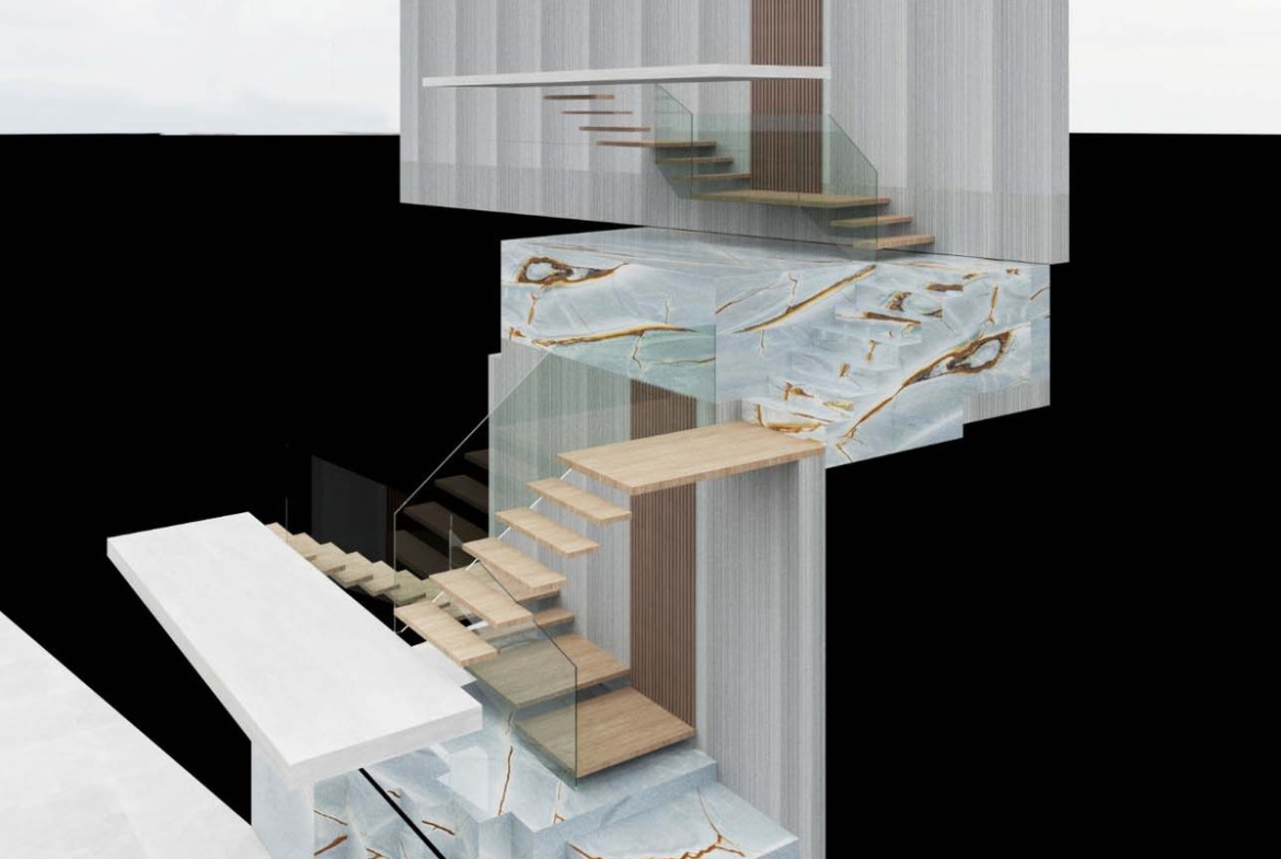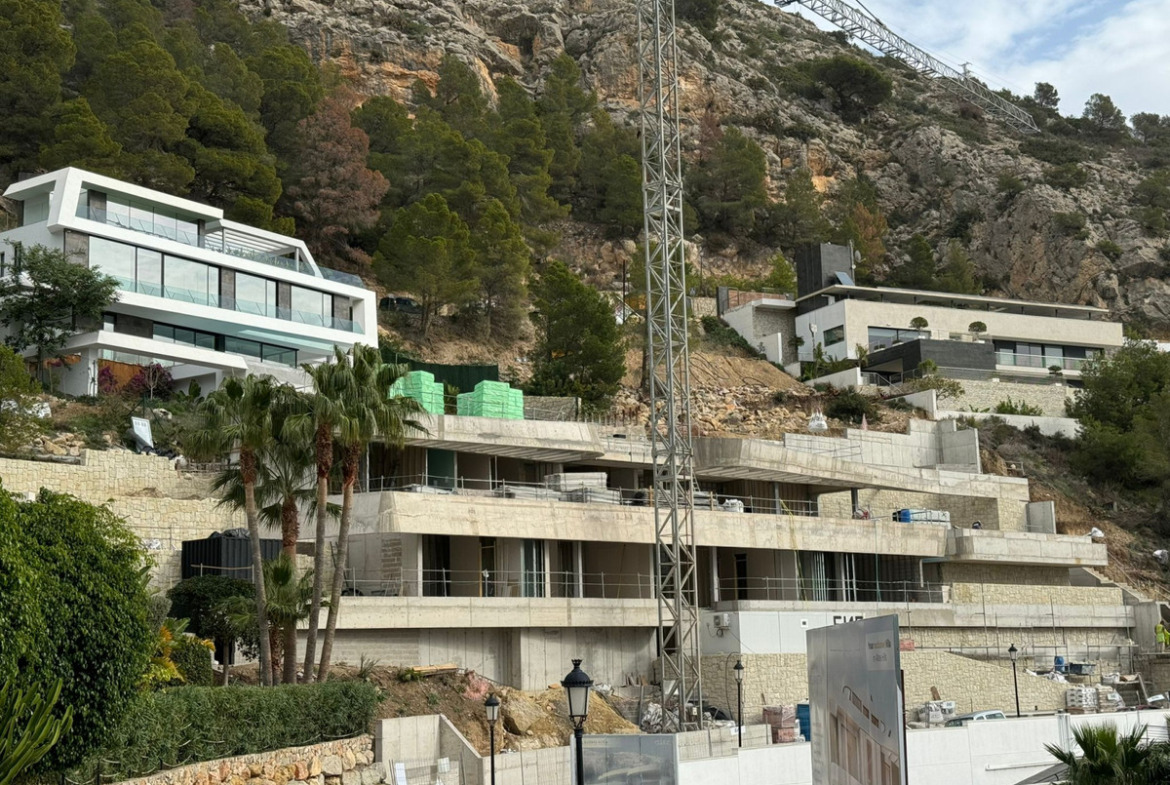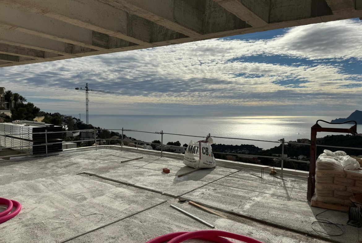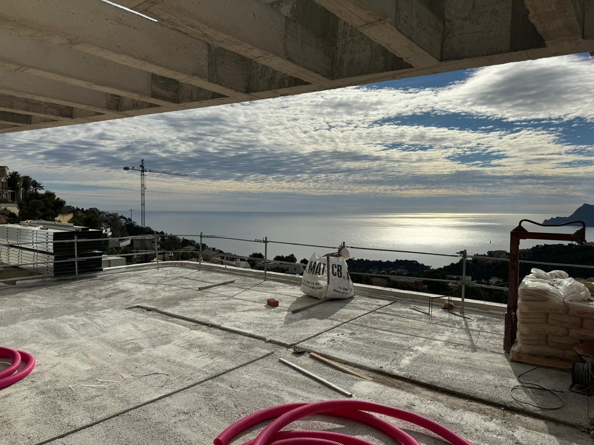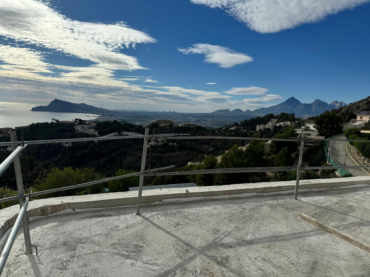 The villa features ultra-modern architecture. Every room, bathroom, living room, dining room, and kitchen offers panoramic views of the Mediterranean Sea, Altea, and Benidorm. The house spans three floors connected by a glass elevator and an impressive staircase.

#####

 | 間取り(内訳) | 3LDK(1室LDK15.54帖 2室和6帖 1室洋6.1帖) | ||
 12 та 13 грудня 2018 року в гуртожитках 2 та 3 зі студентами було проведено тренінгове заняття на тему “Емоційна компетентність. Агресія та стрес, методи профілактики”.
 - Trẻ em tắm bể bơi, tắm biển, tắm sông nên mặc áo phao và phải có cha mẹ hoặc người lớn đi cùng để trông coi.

#####

The task — Copy out, word for word, the part of the entries above that begins at the line with "12 та 13 грудня" and ends at the line with "- Trẻ em tắm", including both.

Solution —
 12 та 13 грудня 2018 року в гуртожитках 2 та 3 зі студентами було проведено тренінгове заняття на тему “Емоційна компетентність. Агресія та стрес, методи профілактики”.
 - Trẻ em tắm bể bơi, tắm biển, tắm sông nên mặc áo phao và phải có cha mẹ hoặc người lớn đi cùng để trông coi.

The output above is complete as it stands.